Skip to content

Safer London Blog

Safer London were a winner of the London Homelessness Awards 2018 for their Pan London Housing Reciprocal (PLHR), an innovative partnership scheme that allows people fleeing domestic abuse and other violence to move to a safe area without losing their tenancy rights.  We asked Clementine Traynard, Senior Domestic Abuse, Housing and Policy Officer at Safer London to tell us more about the work they do.  She focuses on the support the project offers to young people leaving care. 

As part of the Pan-London Housing Reciprocal Team at Safer London, I’m delighted that the project won one of the London Homelessness Awards this year. This recognition helps us to raise awareness about the scheme and encourages housing providers to work with each other to support their tenants at risk of abuse.

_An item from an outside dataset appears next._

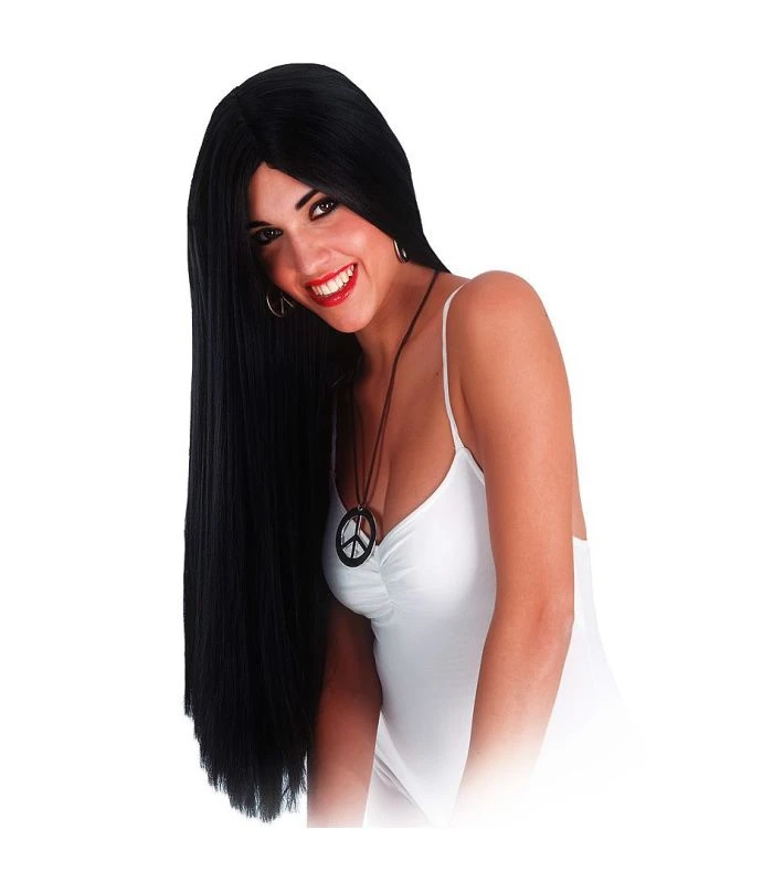 Parrucca nera lunghissima, con retina elasticizzata. Taglia unisex. Adatta per feste in maschera, feste a tema e Carnevale. Ideale per una bellissima principessa orientale.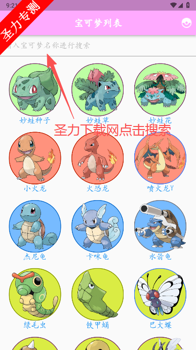 3、可以看到各种热门宝可梦,点击上方搜索框可以查找喜欢的宝可梦。

With the award we’re hoping to consolidate the pathway and make it more accessible to a wide range of people. For example we are currently working on improving access to this pathway for young people leaving care.

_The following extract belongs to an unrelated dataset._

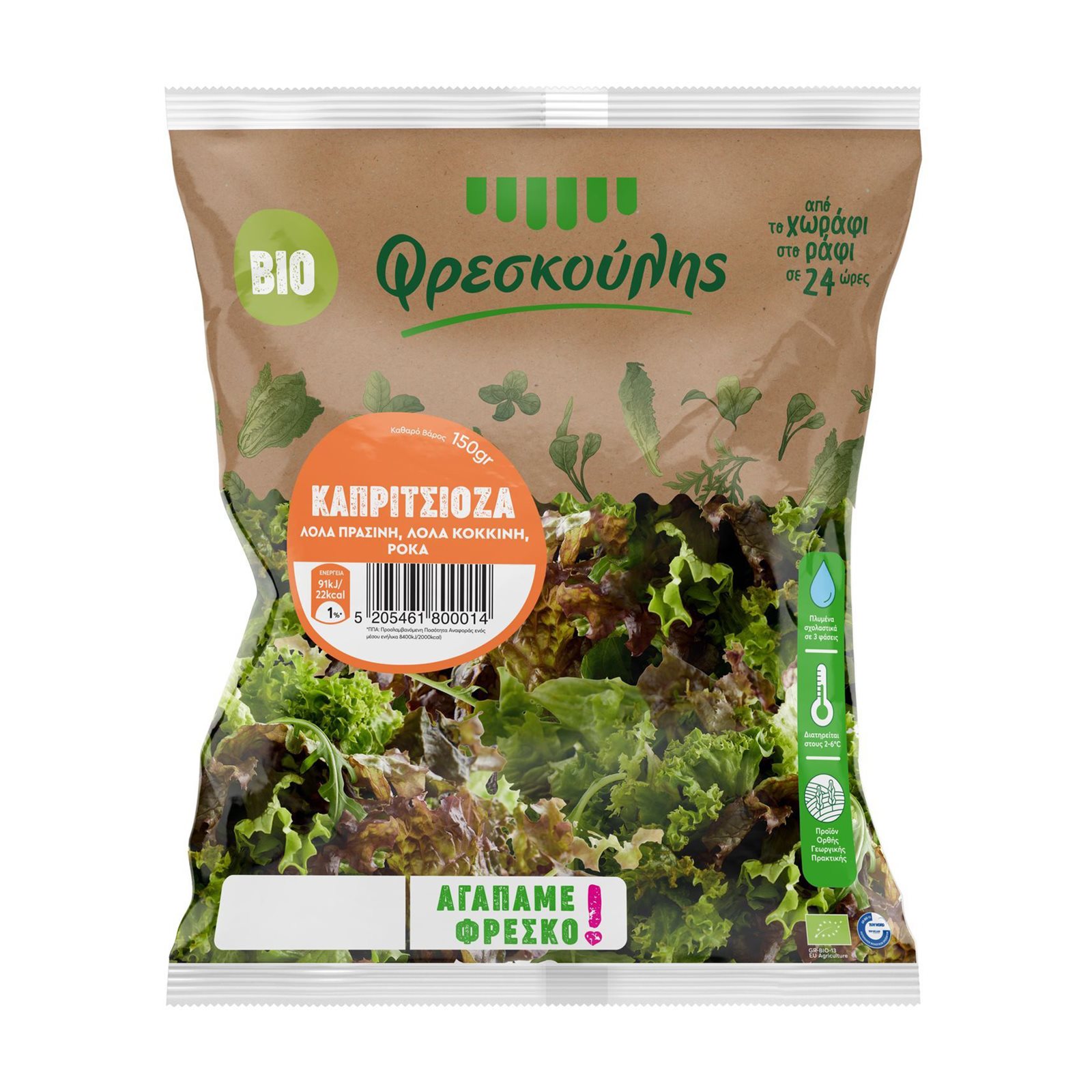 Συσκευάζεται από την EUROCATERING Α.Ε., Νερατζούλας 21, 136 72 Αχαρνές, Αθήνα - Τηλ: 210 2400869, Email: info@freskoulis.gr

At a workshop we recently ran, our reciprocal Housing partners told us how difficult it is to house young people who are leaving local authority care. This is especially challenging when care leavers need social housing but are not safe to stay in the borough.

Many children enter the care system because they have been abused or neglected. These experiences can leave children with complex emotional and mental health needs. This in turn can increase their vulnerability to further abuse, for example those in care are often vulnerable to exploitation.

Our colleagues at Safer London work with young people exploited by gangs. They have seen that young people leaving care are regularly targeted by gangs for grooming. This can often involve the young person being forced to hold or sell drugs or weapons, their flat being taken over by gangs or ‘cuckooed’, and sexual exploitation.

Care leavers are also particularly vulnerable to homelessness. One third of care leavers become homeless in the first two years after they leave care and 25% of homeless people have been in care at some point in their lives.

The Pan-London Housing Reciprocal is an opportunity for local authorities to support the vulnerable young people to whom they owe a duty of care. Local authority partners told us:

Care leavers [reciprocal] would be beneficial. As a local authority we often receive referrals from other boroughs but this is captured manually

We accept reciprocals but these are often direct swaps within our existing quota. It would be good to have this process managed through Safer London with maybe a percentage of the quota put towards the scheme, keeping it transparent.

The Pan-London Housing Reciprocal can support care leavers to access long term accommodation in a safe place. Through using this pathway the housing sector can work together to prevent care leavers from experiencing further harm and abuse, and avoid homelessness.